## TASK TO COMPLETE
Every line below must come back exactly as it stands, with the images omitted.

## COLLECTED DATA
****
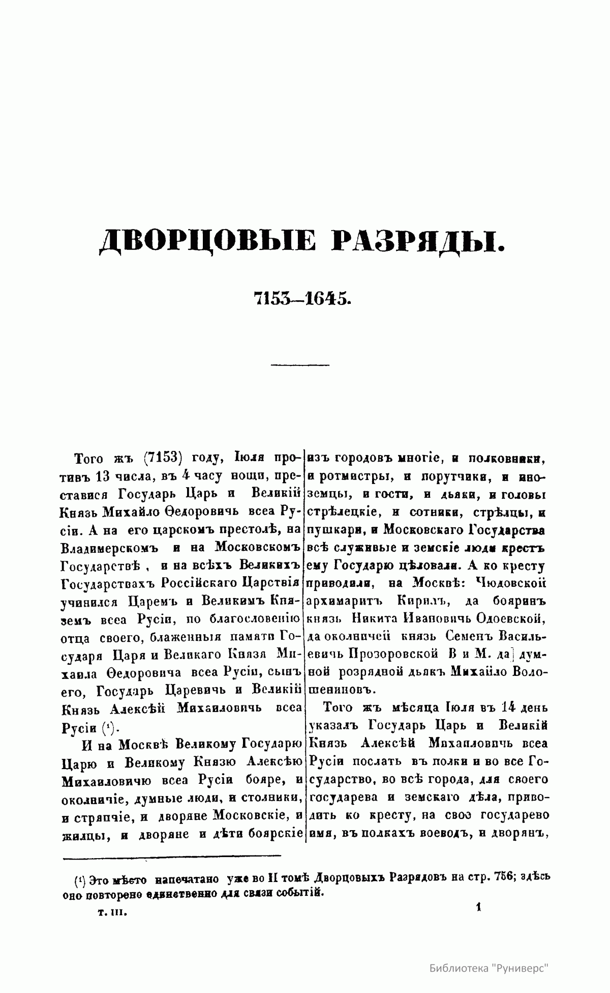 Дворцовые разряды. Томъ третiй. Съ 1645 по 1676 г.
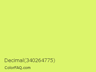 Decimal 340264775 Color is a light lime color and the nearest color is Booger Buster #dde26a. Hex code #dcf56b and RGB value is rgb(220,245,107). In RGB color space, this color is composed of 86% red, 96% green, 42% blue, In CMYK color space, this color is composed of 10% cyan, 0% magenta, 56% yellow , 4% black , In HSL color space, this color has a hue angle of 71° , 87% saturation and 69% lightness.
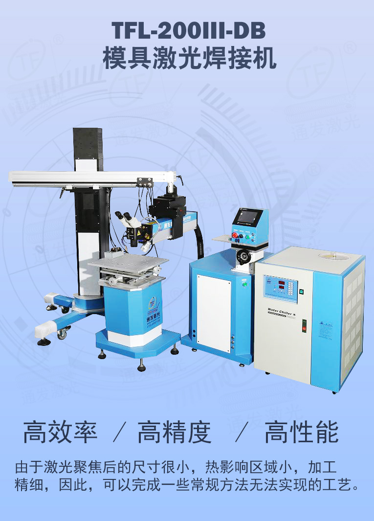 TFL-200Ⅲ-DB型模具激光焊機(jī)是通發(fā)激光公司在TFL-180Ⅲ的基礎(chǔ)進(jìn)行了改良,采用通發(fā)自主研發(fā)的二代精密單燈電源為燈泵浦驅(qū)動電源,操作更方便。主機(jī)具備激光頭手搖升降與工作臺按鈕電動升降實(shí)現(xiàn)焊接不同厚度模具的激光焊加工。本款機(jī)型更適用于各類高精密注塑模具激光補(bǔ)焊,精密塑膠模具零件激光修補(bǔ),塑膠模具鈹銅零件激光燒焊;可對模具使用過程中出現(xiàn)的磨損進(jìn)行激光修復(fù);對機(jī)械加工失誤、電火花加工失誤,模具減膠設(shè)計(jì)變更等需要對模具修改,起到關(guān)鍵的作用,可彌補(bǔ)應(yīng)加工失誤造成的巨大損失。
****
## SOLUTION
 Дворцовые разряды. Томъ третiй. Съ 1645 по 1676 г.
 Decimal 340264775 Color is a light lime color and the nearest color is Booger Buster #dde26a. Hex code #dcf56b and RGB value is rgb(220,245,107). In RGB color space, this color is composed of 86% red, 96% green, 42% blue, In CMYK color space, this color is composed of 10% cyan, 0% magenta, 56% yellow , 4% black , In HSL color space, this color has a hue angle of 71° , 87% saturation and 69% lightness.
 TFL-200Ⅲ-DB型模具激光焊機(jī)是通發(fā)激光公司在TFL-180Ⅲ的基礎(chǔ)進(jìn)行了改良,采用通發(fā)自主研發(fā)的二代精密單燈電源為燈泵浦驅(qū)動電源,操作更方便。主機(jī)具備激光頭手搖升降與工作臺按鈕電動升降實(shí)現(xiàn)焊接不同厚度模具的激光焊加工。本款機(jī)型更適用于各類高精密注塑模具激光補(bǔ)焊,精密塑膠模具零件激光修補(bǔ),塑膠模具鈹銅零件激光燒焊;可對模具使用過程中出現(xiàn)的磨損進(jìn)行激光修復(fù);對機(jī)械加工失誤、電火花加工失誤,模具減膠設(shè)計(jì)變更等需要對模具修改,起到關(guān)鍵的作用,可彌補(bǔ)應(yīng)加工失誤造成的巨大損失。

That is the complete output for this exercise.